═══ DATA FOR PROCESSING

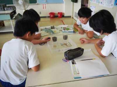 4年生の理科は、「雨水のゆくえと地面のようす」の学習です。はじめに校庭に出て、雨水ができやすい、できにくい場所を観察しました。その後、それぞれの場所の土によって水のしみ込み方は変わるのかを実験しました。ストップウォッチでどちらかがしみ込み方が早いのか熱心調べています。
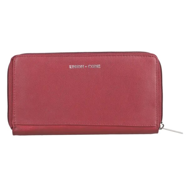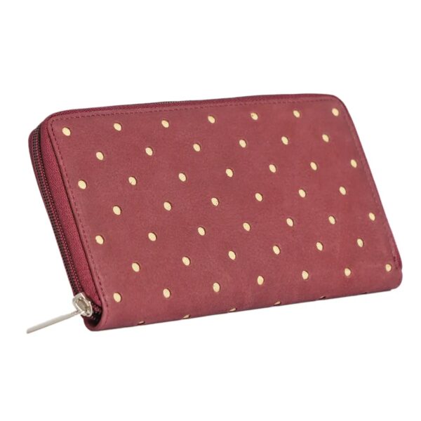 Union Code Burgundy Polka Dot Genuine Leather RFID Zip Wallet
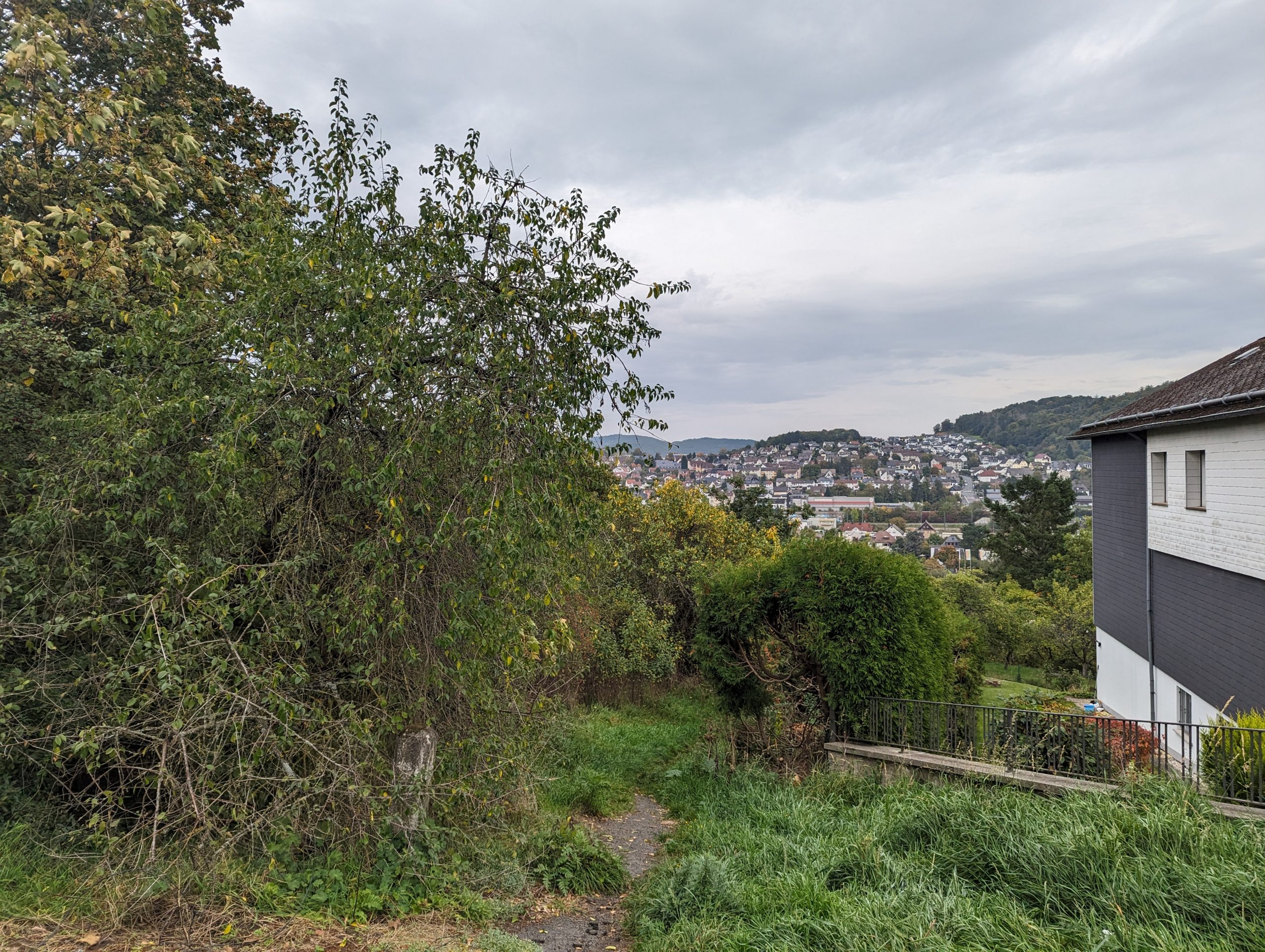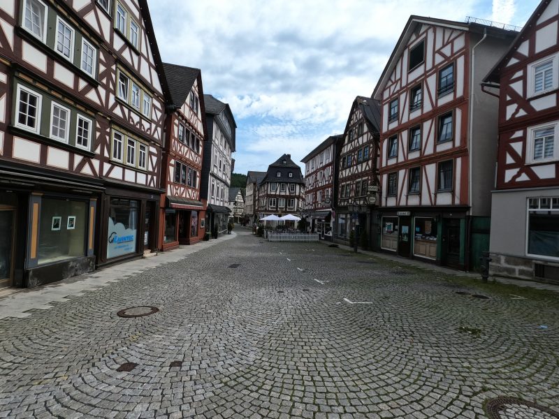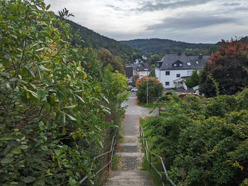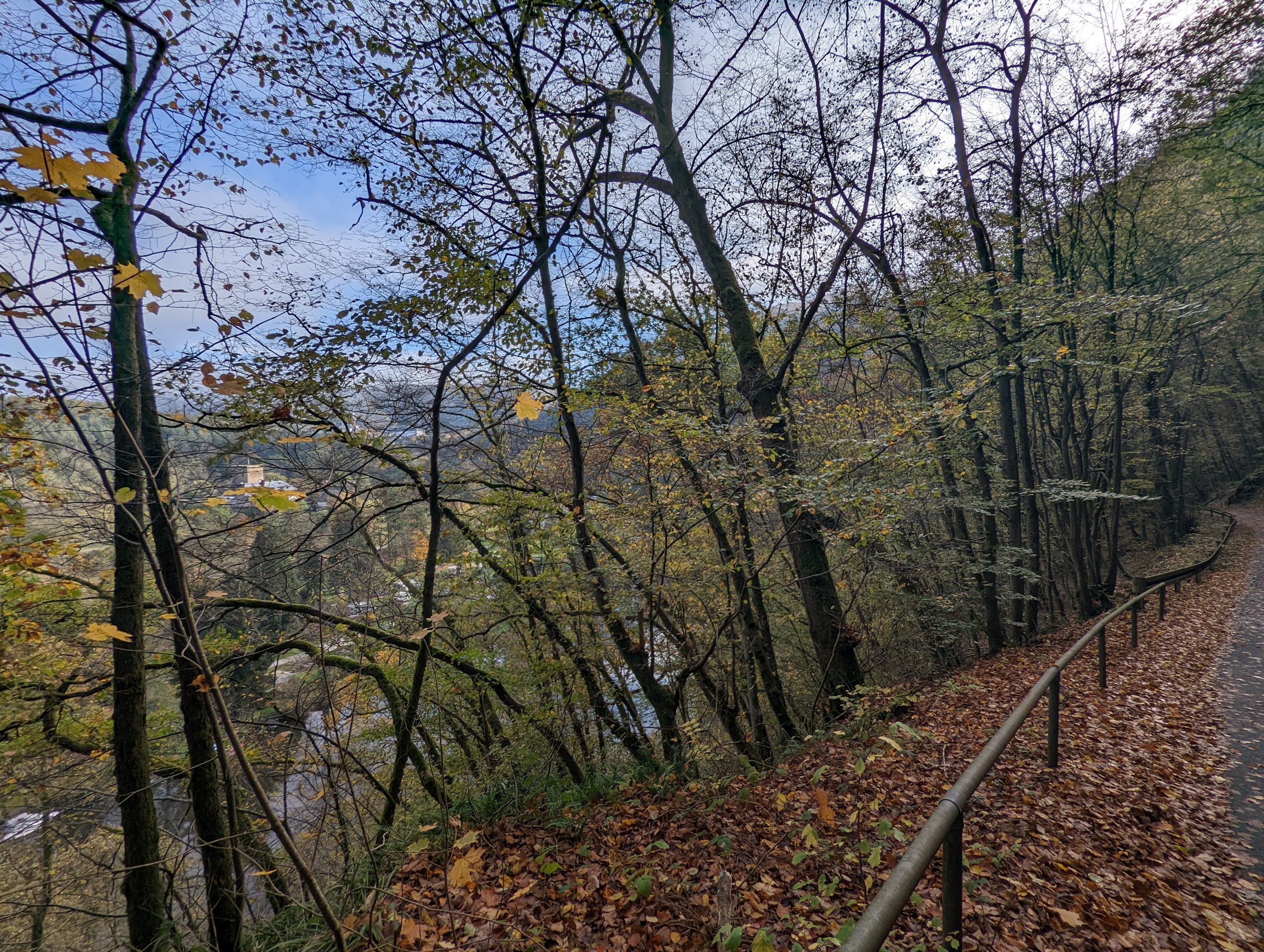 Die erste Etappe mit Laufklamotten im Schlurfschritt durch die schöne Herborner Altstadt, da muss man schon die irritierten Blicke der Einkäufer in den engen Gassen ignorieren. Bald geht es steil in die Wohnlage von Herborn und mit einigen Schleifen entlang der Autobahnbrücken der A45 ins Ambachtal, der die Rampe, den Zugang zum Westerwald von der Ostseite her bildet. Damit die versprochenen Höhenmeter zusammen kommen, pendelt die Wegführung von der rechten zur linken Talseite, was müde Beine und schöne Aussicht beschert. Es ist einer der letzten an den Sommer erinnernden Oktobertage und die Stimmung ist mit Wehmut und Knieschmerz durchsetzt.
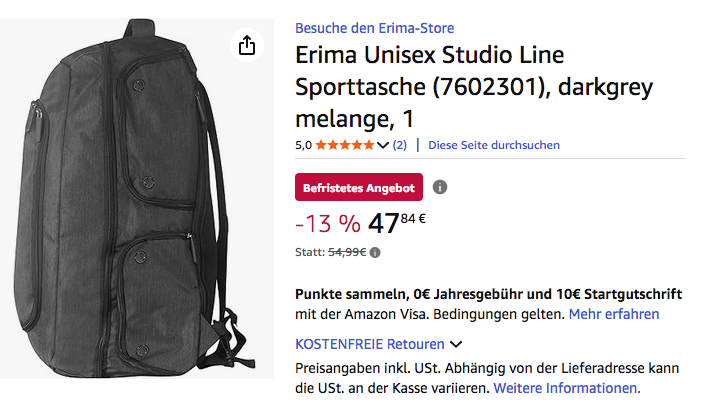 Amazon Kunden haben diese praktische Sporttasche mit 5 Sternen benotet (2 Bewertungen).
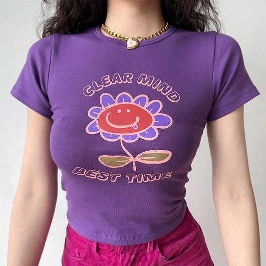 Lässiges geripptes Crop-Top im Y2K-Stil
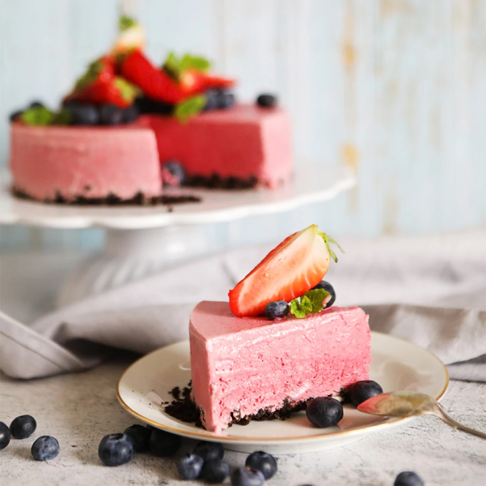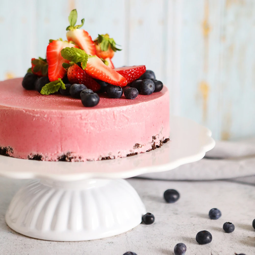 6. Tag ud af fryseren og varm formen op med et gasblus. Løsn spændet, og fjern formen. Pynt kagen med valgfrie bær. Lad den tø op i 15 minutter inden servering.
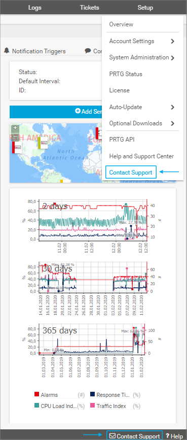 For technical issues, use the Contact Paessler Support / Send Your Feedback to Paessler form in PRTG. To open the form, select Setup | Contact Support from the main menu bar. You can also open the form via Contact Support in the footer on every page in the PRTG web interface.
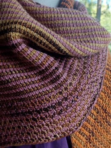 SUMMER 2025 Collection | Shawl of merino wool dyed in Canada and, in the case of this one, some of it it was dyed in Newfoundland. I purchased the yarn last fall when I visited St. John's.
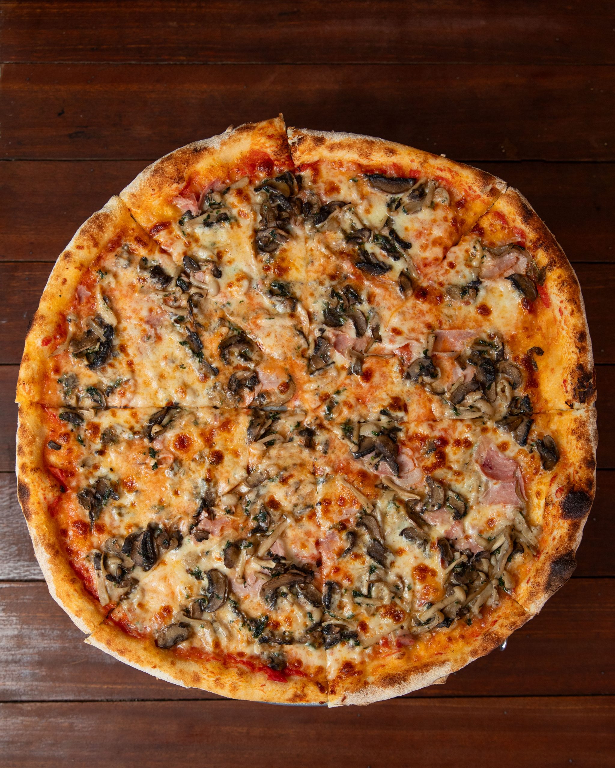 House-made tomato sauce, mozzarella, ham, mixed mushrooms
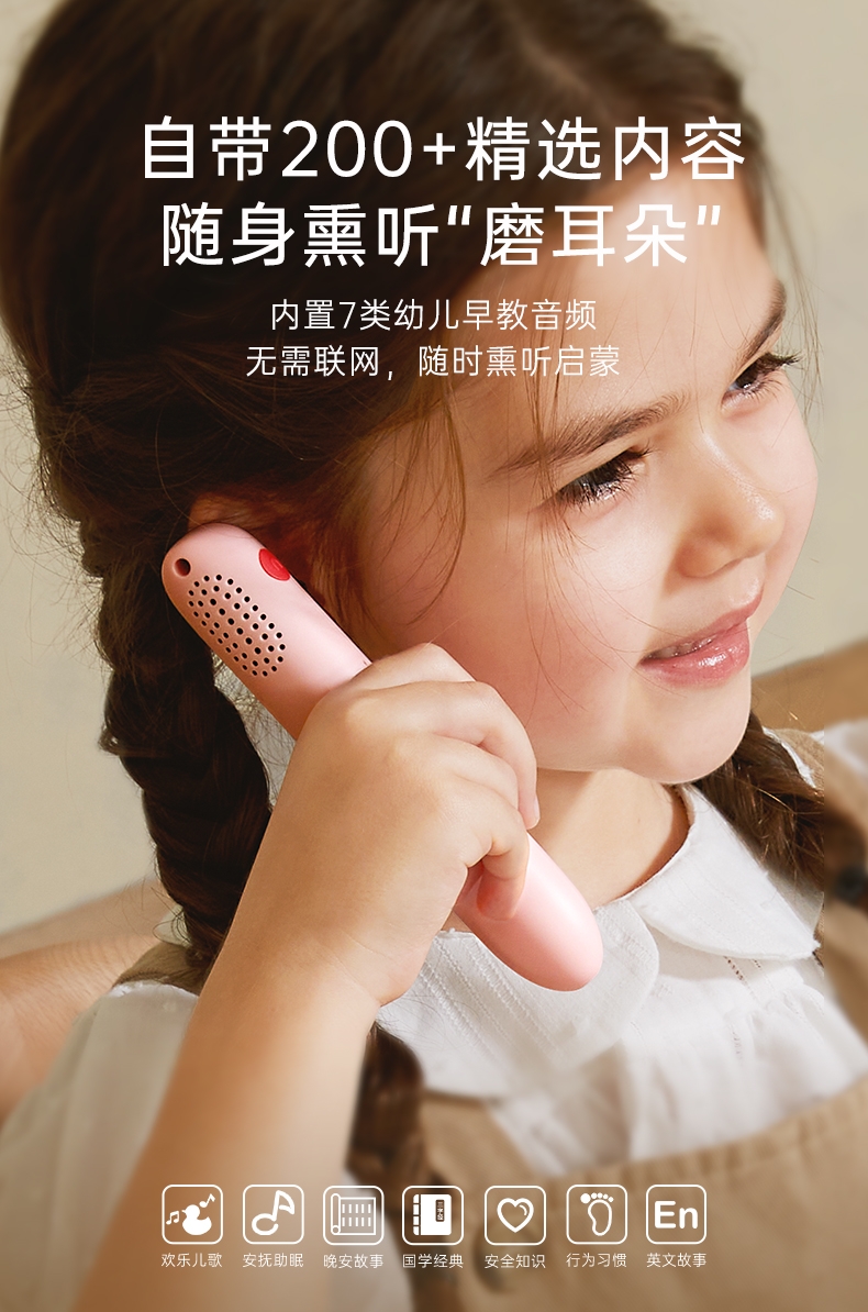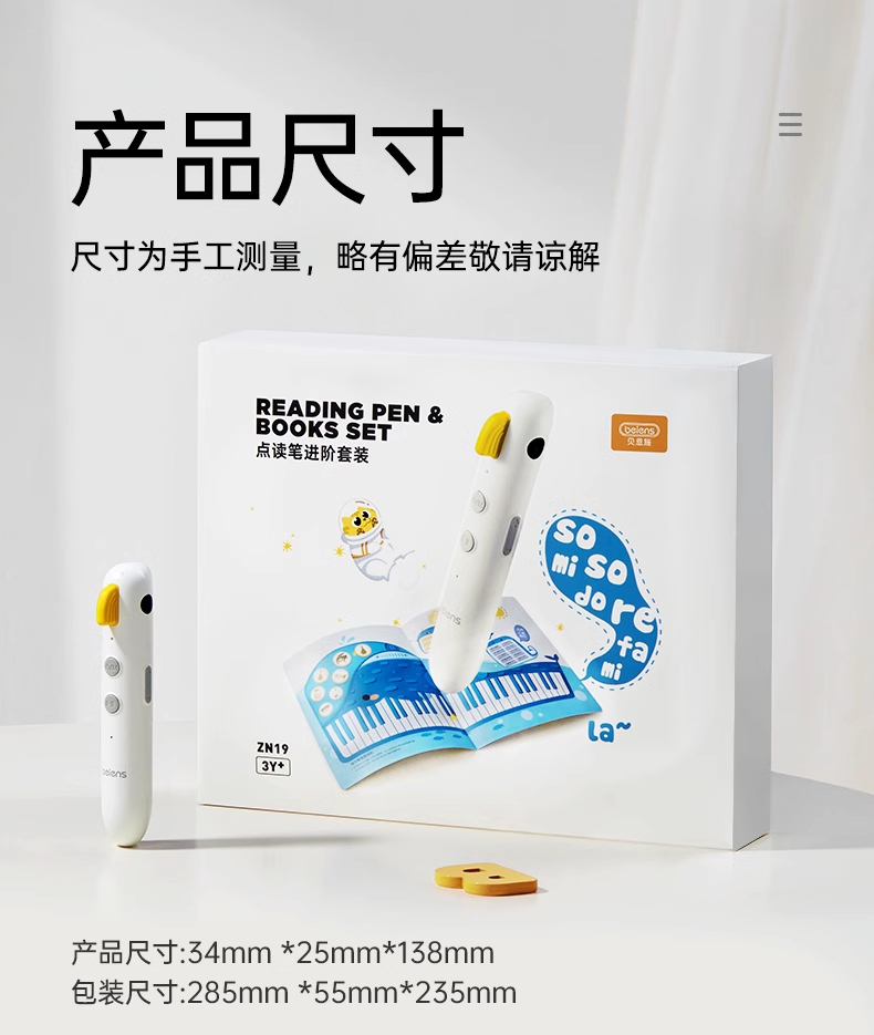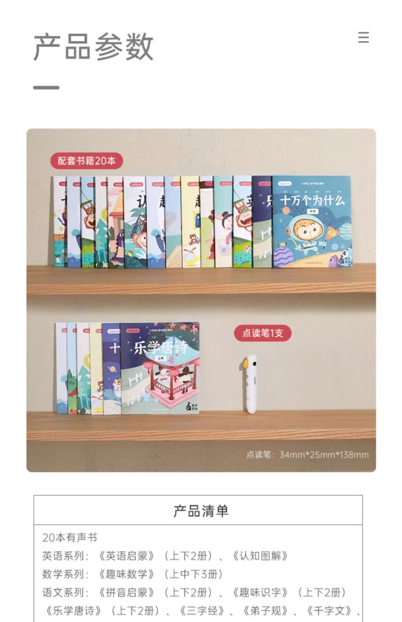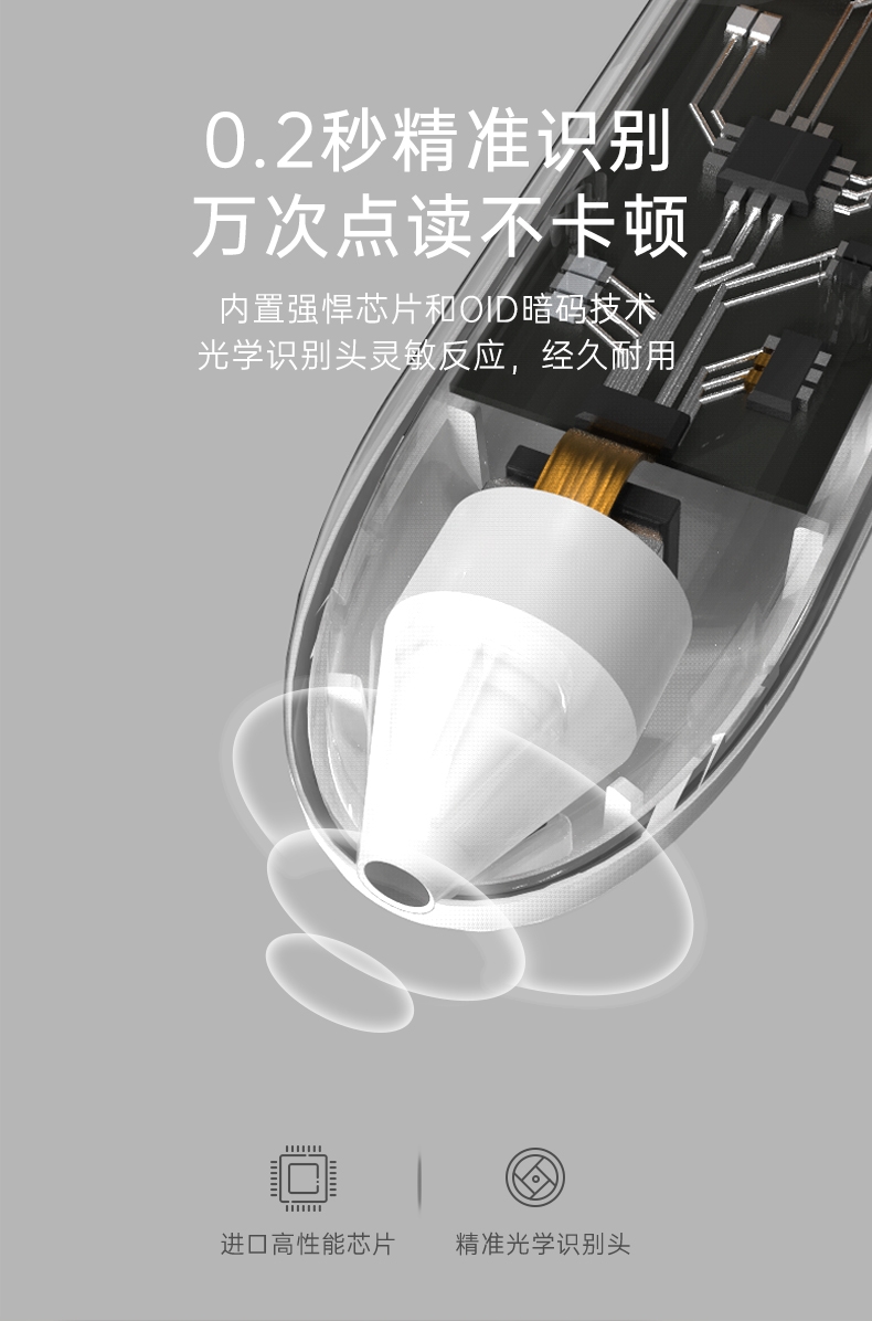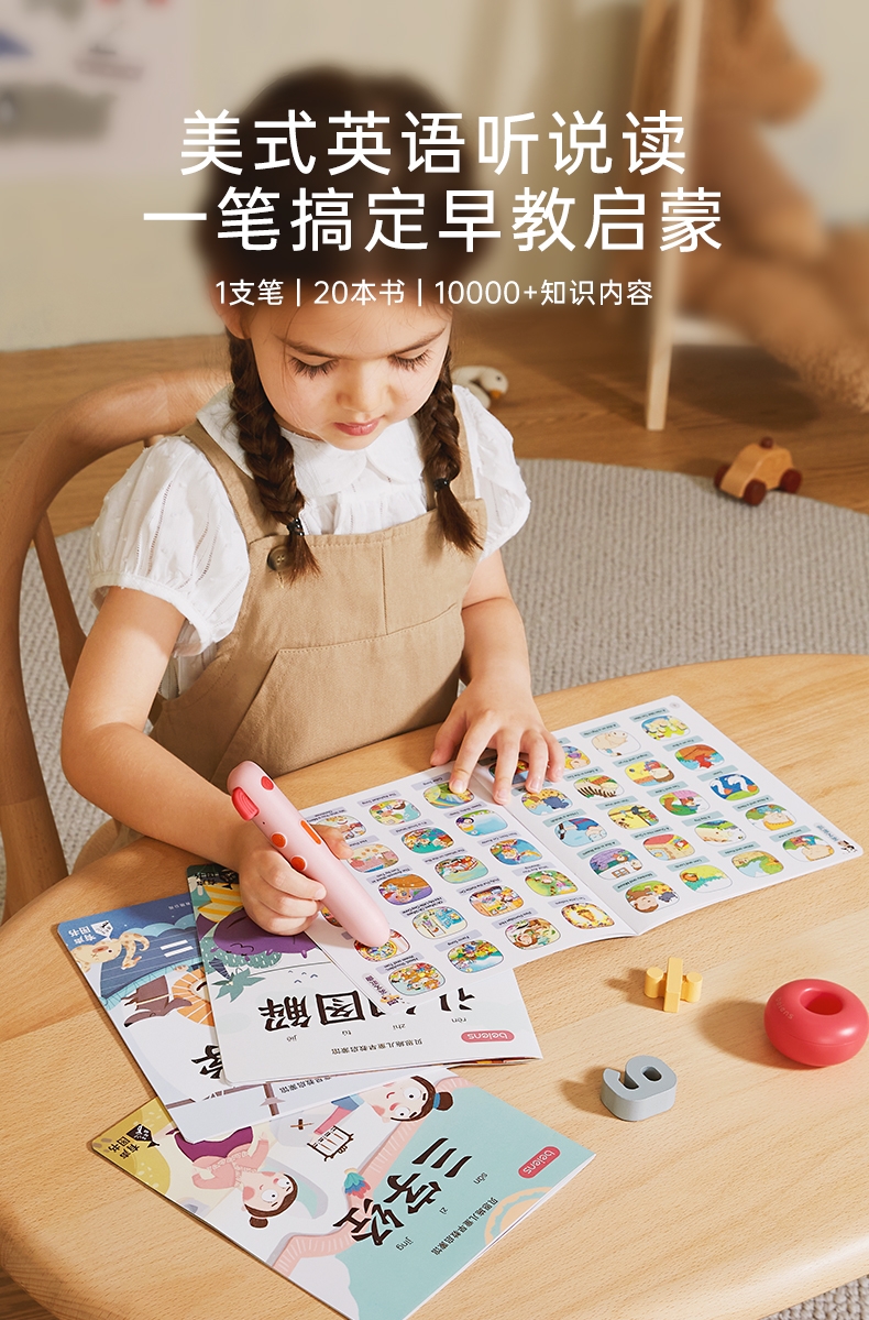 研发更小体积更适合儿童;精准识别,清晰指向收音;人声清晰响亮,配套点读资源丰富

══════

* [WORK TO BE COMPLETED]: Reproduce verbatim the lines of the material above, beginning with its first line and ending with the line that contains "Amazon Kunden haben"; skip pictures.

* [EXERCISE OUTPUT]:
 4年生の理科は、「雨水のゆくえと地面のようす」の学習です。はじめに校庭に出て、雨水ができやすい、できにくい場所を観察しました。その後、それぞれの場所の土によって水のしみ込み方は変わるのかを実験しました。ストップウォッチでどちらかがしみ込み方が早いのか熱心調べています。
 Union Code Burgundy Polka Dot Genuine Leather RFID Zip Wallet
 Die erste Etappe mit Laufklamotten im Schlurfschritt durch die schöne Herborner Altstadt, da muss man schon die irritierten Blicke der Einkäufer in den engen Gassen ignorieren. Bald geht es steil in die Wohnlage von Herborn und mit einigen Schleifen entlang der Autobahnbrücken der A45 ins Ambachtal, der die Rampe, den Zugang zum Westerwald von der Ostseite her bildet. Damit die versprochenen Höhenmeter zusammen kommen, pendelt die Wegführung von der rechten zur linken Talseite, was müde Beine und schöne Aussicht beschert. Es ist einer der letzten an den Sommer erinnernden Oktobertage und die Stimmung ist mit Wehmut und Knieschmerz durchsetzt.
 Amazon Kunden haben diese praktische Sporttasche mit 5 Sternen benotet (2 Bewertungen).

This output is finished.